President Grant often showed disdain for formal social events. But his wife, Julia, had a flair for entertaining that surpassed anything that had previously been seen in the White House. No matter how uncomfortable Grant himself was, the White House during his administration set the standard for grand entertaining.
Nellie Grant's wedding was a morning ceremony. Afterward the guests were served what was called a breakfast. The menu consisted of soft-shell crabs on toast; mushroom and crab cakes in a cream sauce; chicken croquettes with green peas; woodcocks and snipes on toast; broiled spring chicken; lamb chops with tartar sauce; beef tongue in aspic; salad with a mayonnaise dressing; and wedding cake. The items were served as separate courses. After the wedding cake, guests had a choice of 14 other desserts and Roman Punch. I doubt that anyone left hungry.

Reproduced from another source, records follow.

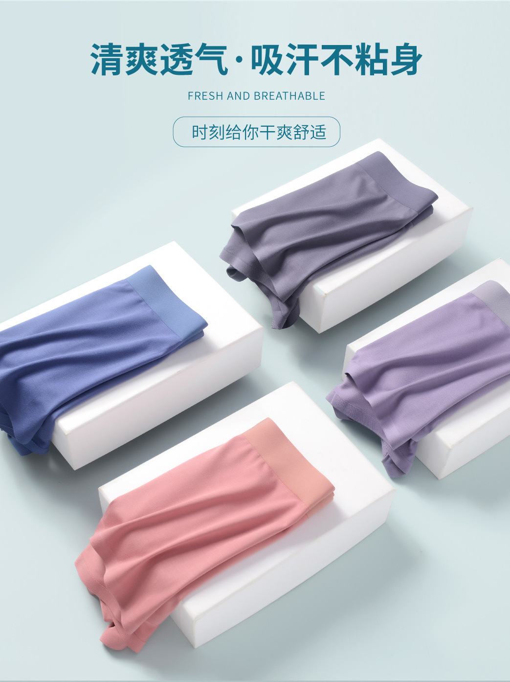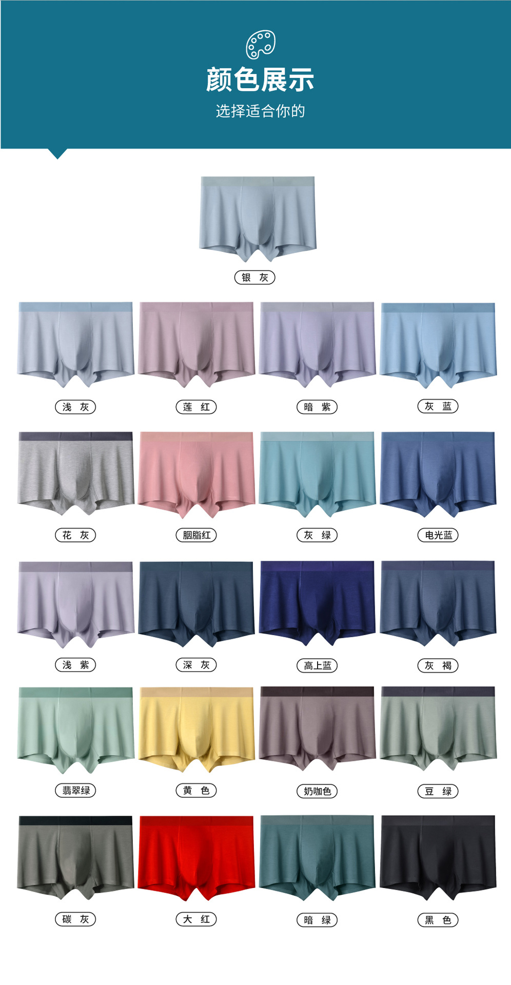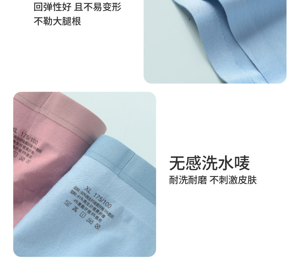 秋季新款 莫代尔无痕男士内裤 艾草抗菌里裆 纯色透气四角中腰 舒适平角裤学生青少年底裤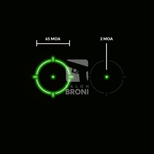 | Rozmiar punktów: | Kropka 2 MOA, okrąg 65 MOA |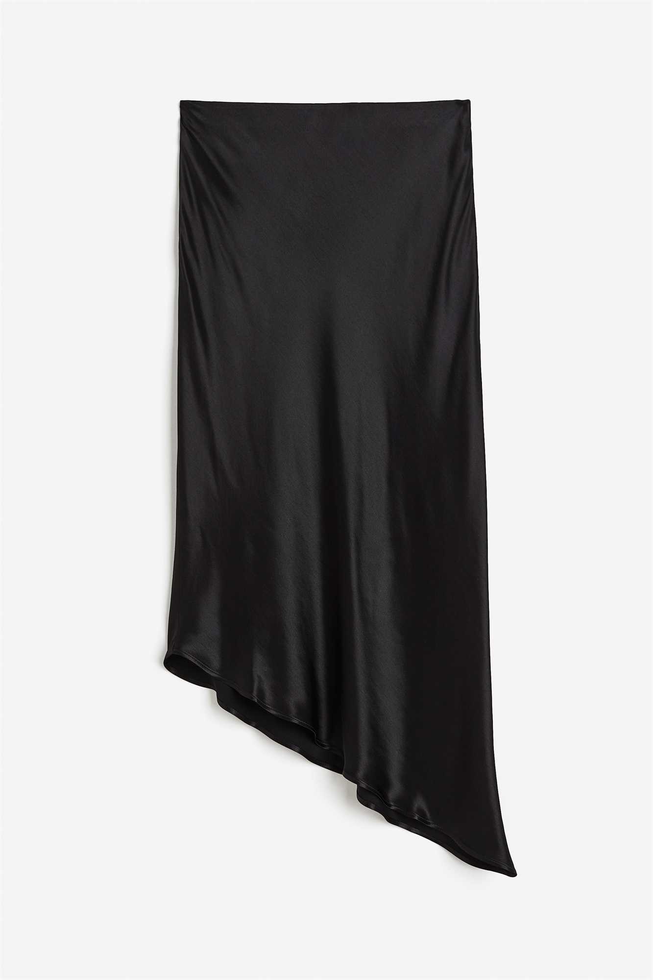 Приталенная юбка длиной до колен из мягко драпирующегося атласа с высокой эластичной талией и асимметричным подолом. Без подкладки.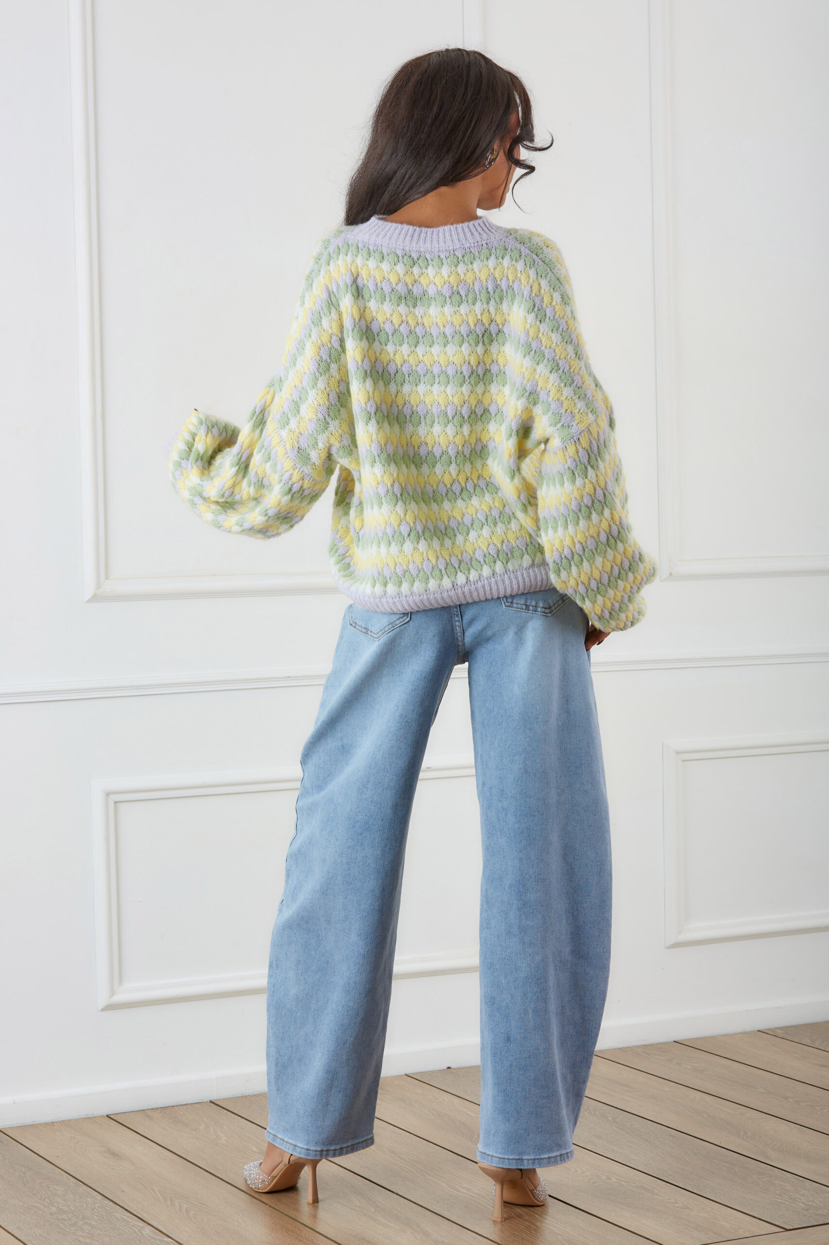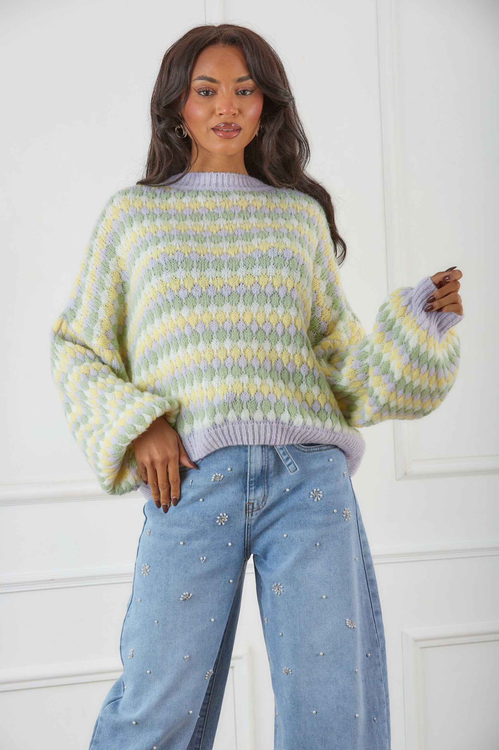 Πλεκτό πουλόβερ με το ιδιαίτερο ανάγλυφο μοτίβο είναι η πιο cozy και στυλάτη επιλογή για τις κρύες μέρες. Διαθέτει άνετη γραμμή (oversized), κλασική στρογγυλή λαιμόκοψη και είναι φτιαγμένο από απαλή πλέξη. Μήκος 55cm, στήθος 80cm, μανίκι 55cm.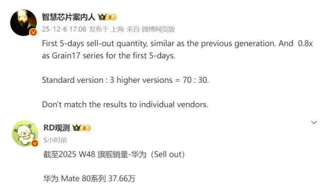 而根据博主透露的信息,华为Mate80标准版成为销售主力军,用户提供的数据显示标准版与高端版形成70:30的销售比例。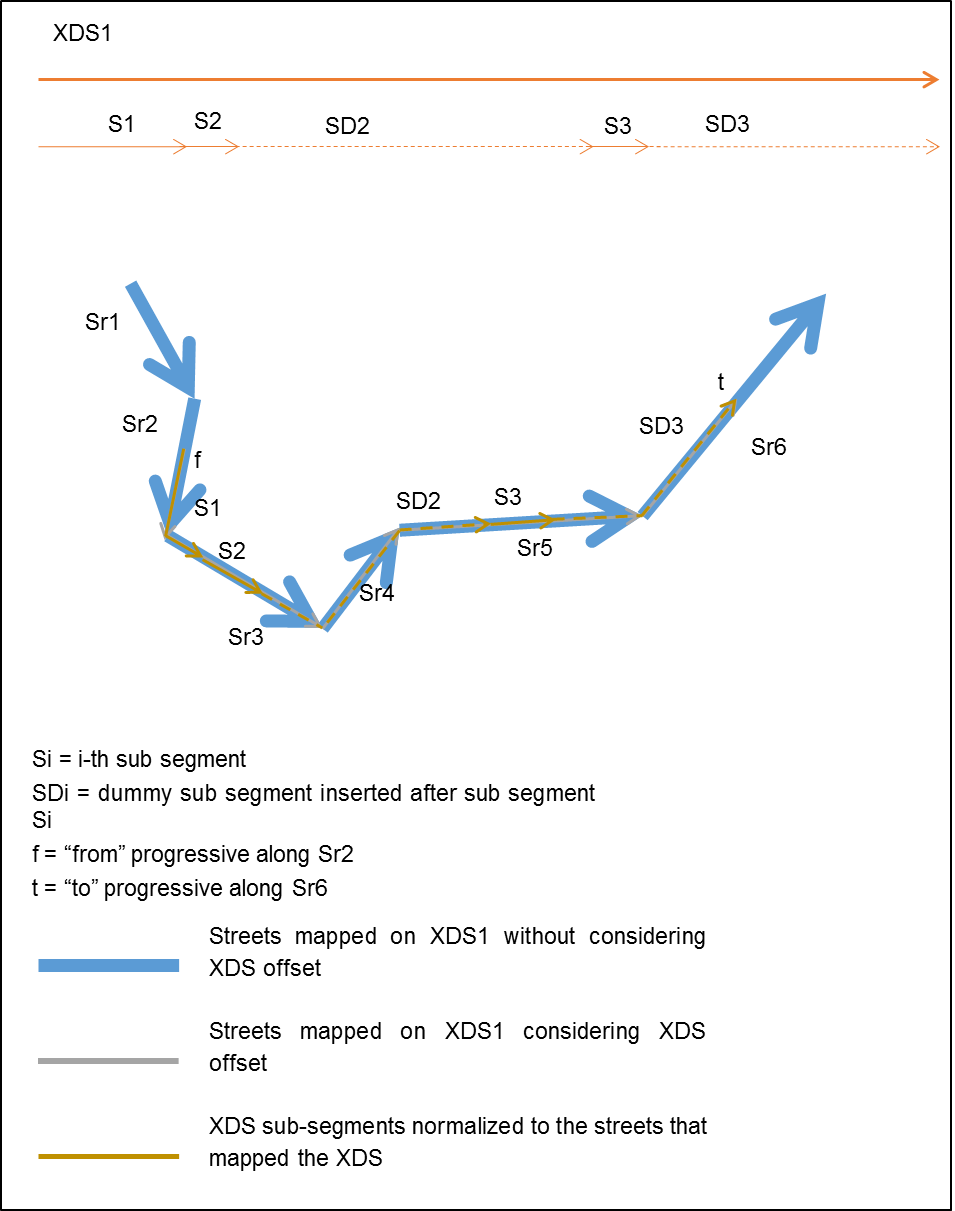 After applying a filter on the received data to consider only the matched XDS, for each matched XDS the speed information is assigned to the streets included in the XDS. The speed information is given according to the subsegments.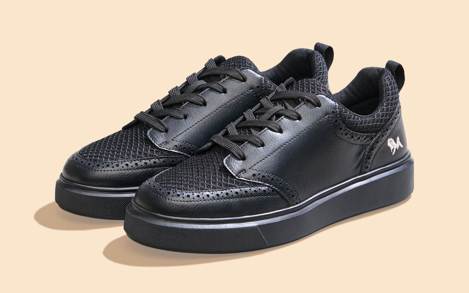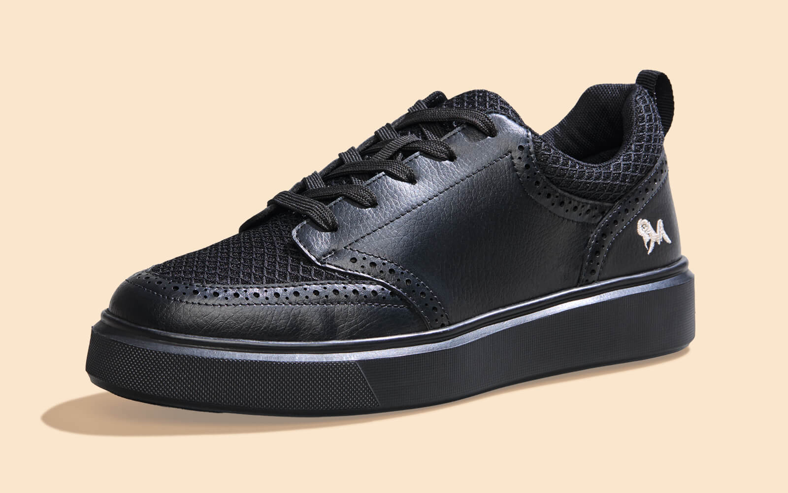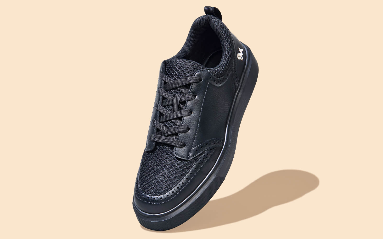 Textured faux leather meets mesh-knit ease in a silhouette that flexes between casual and smart casuals. With dual-layered cushioning, soft mesh lining for sweat control, and a padded collar for extra stability, the Pure Motion sneaker is movement refined.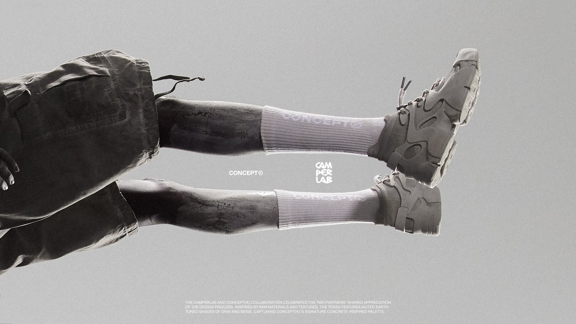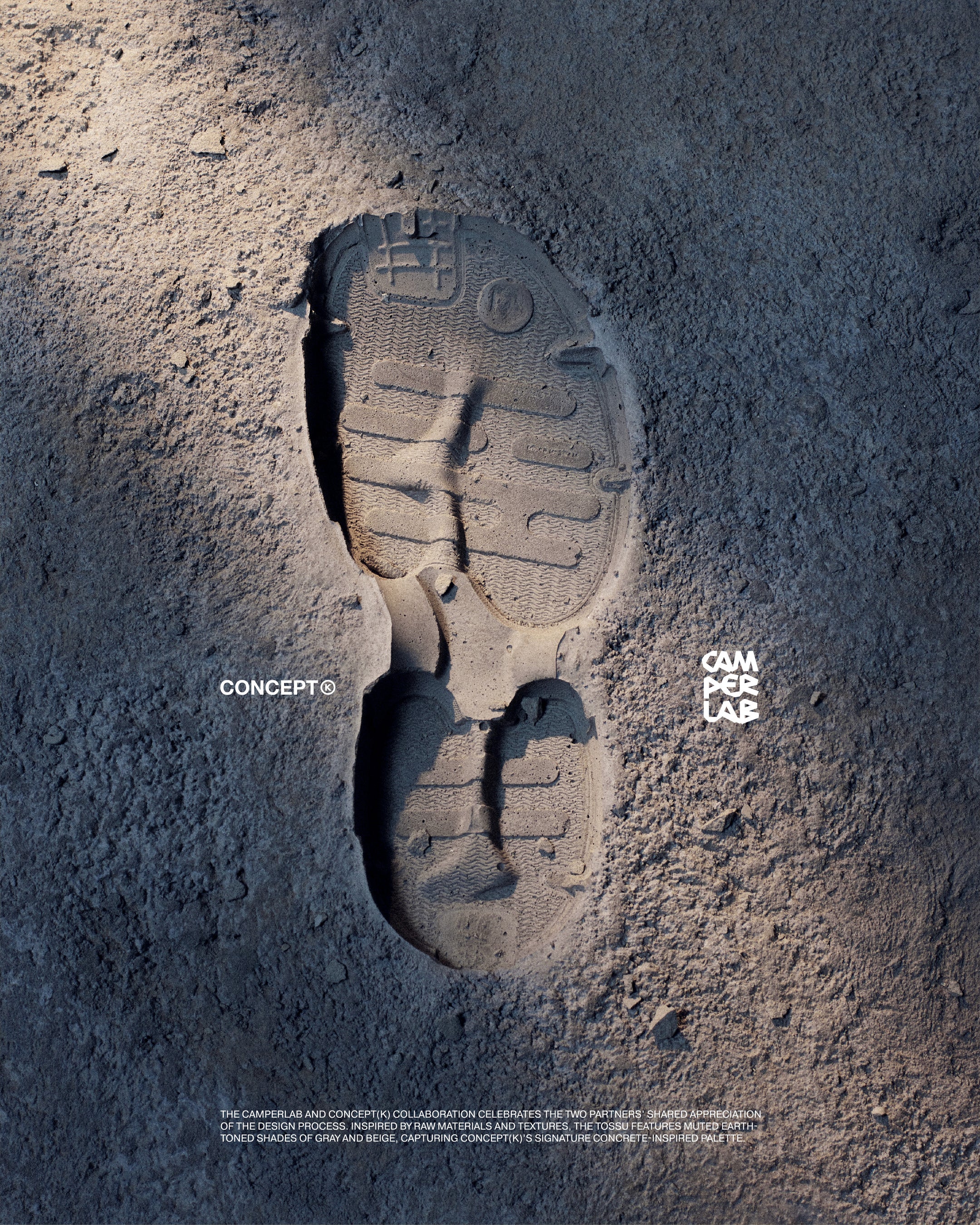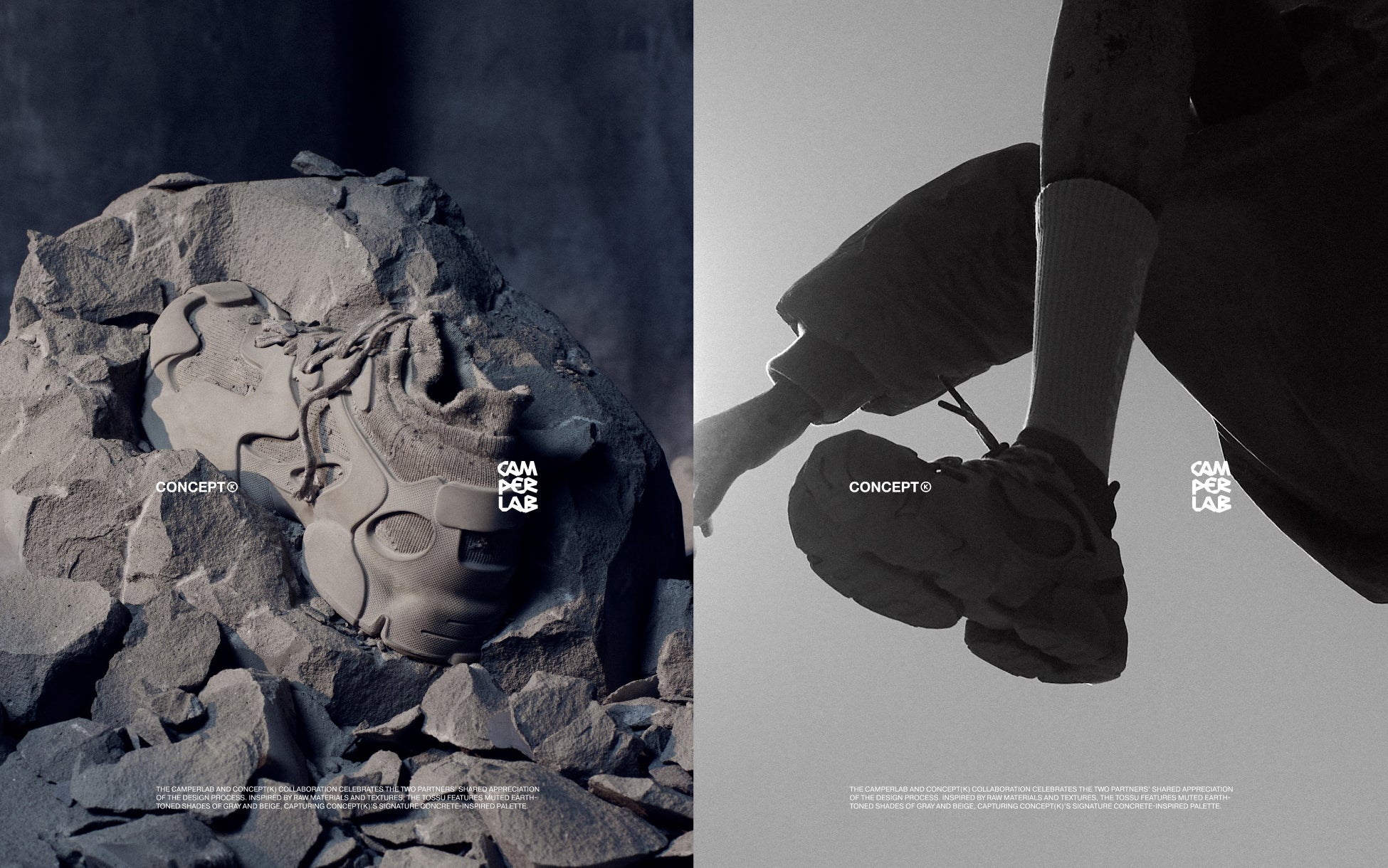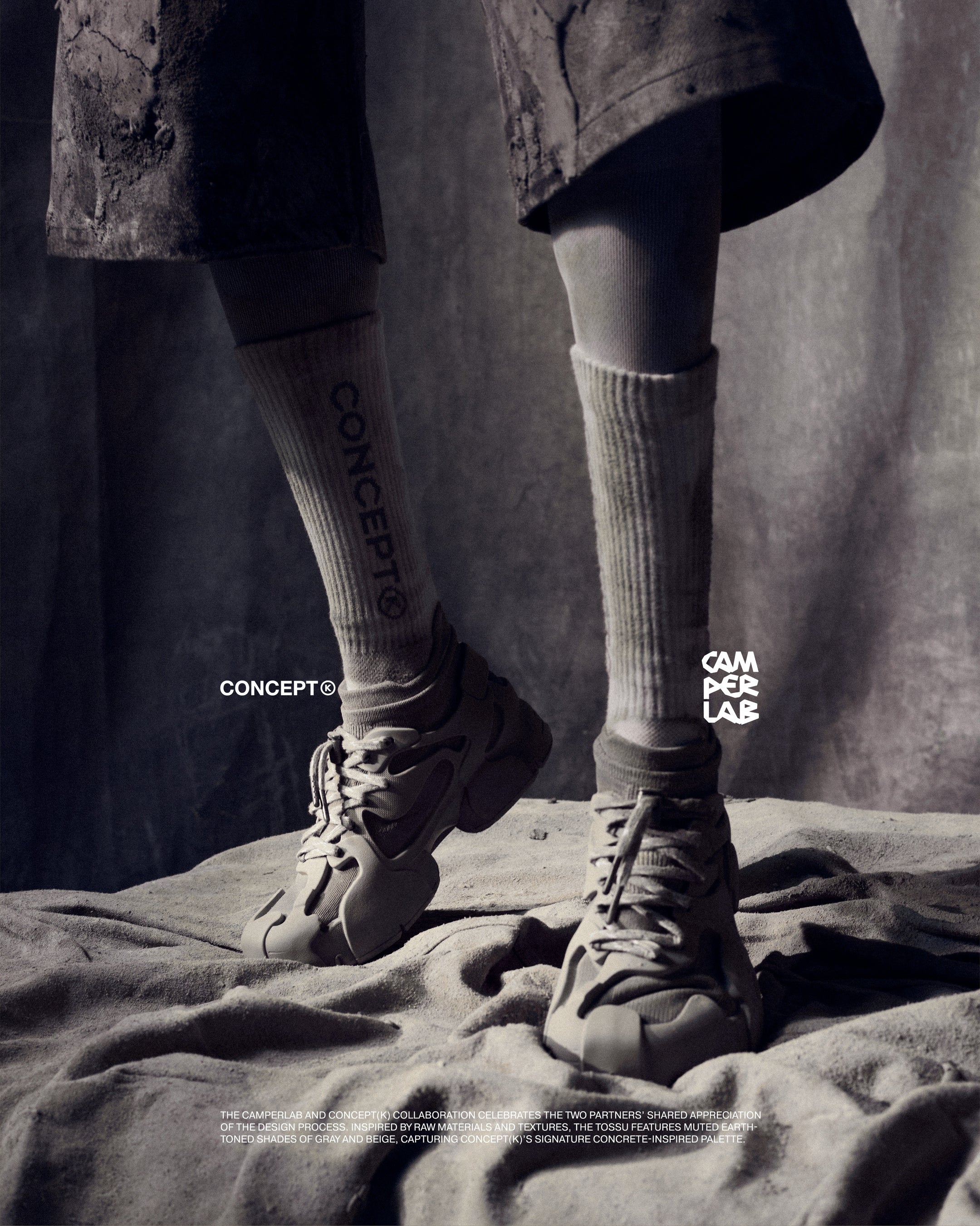 今回のプロジェクトに際し、CAMPERLABとCONCEPT(K)は、それぞれのデザイン理念を融合させ、無骨な素材とテクスチャーにインスパイアされた新しいTOSSUを誕生させました。グレーとベージュのアースカラーを基調とした落ち着いた色合いの「CAMPERLAB by CONCEPT(K) Stone Grey Tossu」は、コンクリートを彷彿とさせるCONCEPT(K)の象徴的なパレットであり、多様な要素を一体化させるという哲学を体現しています。

Roman Punch was kind of like a slushy or sorbet mixed with alcohol. It was commonly used as a palate refresher or light summer dessert. In the administration of Rutherford B. Hayes, which followed Grant's, Roman Punch was banned from the White House. The Hayes family introduced Prohibition to the White House. Their idea of party refreshments was far different from the free-flowing bottles associated with the Grant presidency.
My version of Roman Punch is more quickly and easily prepared than the original version. Roman Punch can be made with many kinds of fruit. It is especially refreshing for summer entertaining.
Roman Punch
20 (1/2-cup) servings
3 cups frozen unsweetened peach slices
2 cups white grape juice
1/4 cup peach brandy, peach schnapps or orange liqueur (or more to taste)
4 cups dry white wine or champagne, chilled
Combine the peaches, grape juice and brandy in a blender or food processor. Process until smooth. Transfer to a pitcher or bowl and stir in the wine. Serve immediately while slushy.